Leveraging Expert Models for Training Deep Neural Networks in Scarce Data Domains: Application to Offline Handwritten Signature Verification
This addresses data scarcity challenges in biometric applications like signature verification, though it is incremental as it builds on existing knowledge distillation methods.
The paper tackled the problem of training deep neural networks for offline handwritten signature verification with limited task-specific data by leveraging expert models through a student-teacher configuration with feature-based knowledge distillation. The result showed that models trained without using any signatures achieved comparable or superior performance to the teacher model across three popular datasets.
This paper introduces a novel approach to leverage the knowledge of existing expert models for training new Convolutional Neural Networks, on domains where task-specific data are limited or unavailable.

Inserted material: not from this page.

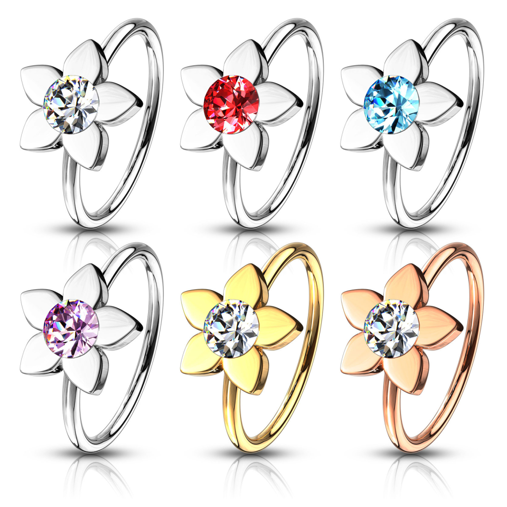 Smykket du er klikket ind på er en næsering med en påsat lotusblomst på fronten af smykket. Inde i lotusblomsten sidder der en rund sten, som du helt selv kan vælge farven på. Du kan eksempelvis få smykke med en pink eller en rød sten. Derudover kan du også vælge farve på selve smykket - vælg blandt andet mellem en guld og en blank variant af smykket. Derved kan du helt selv sammensætte din bedste udgave af smykket. Vi gør dog lige opmærksom på, at guld og rødguld udgaverne kun er udstyret med en klar sten.

The presented scheme is applied in offline handwritten signature verification (OffSV) which, akin to other biometric applications, suffers from inherent data limitations due to regulatory restrictions. The proposed Student-Teacher (S-T) configuration utilizes feature-based knowledge distillation (FKD), combining graph-based similarity for local activations with global similarity measures to supervise student's training, using only handwritten text data. Remarkably, the models trained using this technique exhibit comparable, if not superior, performance to the teacher model across three popular signature datasets. More importantly, these results are attained without employing any signatures during the feature extraction training process. This study demonstrates the efficacy of leveraging existing expert models to overcome data scarcity challenges in OffSV and potentially other related domains.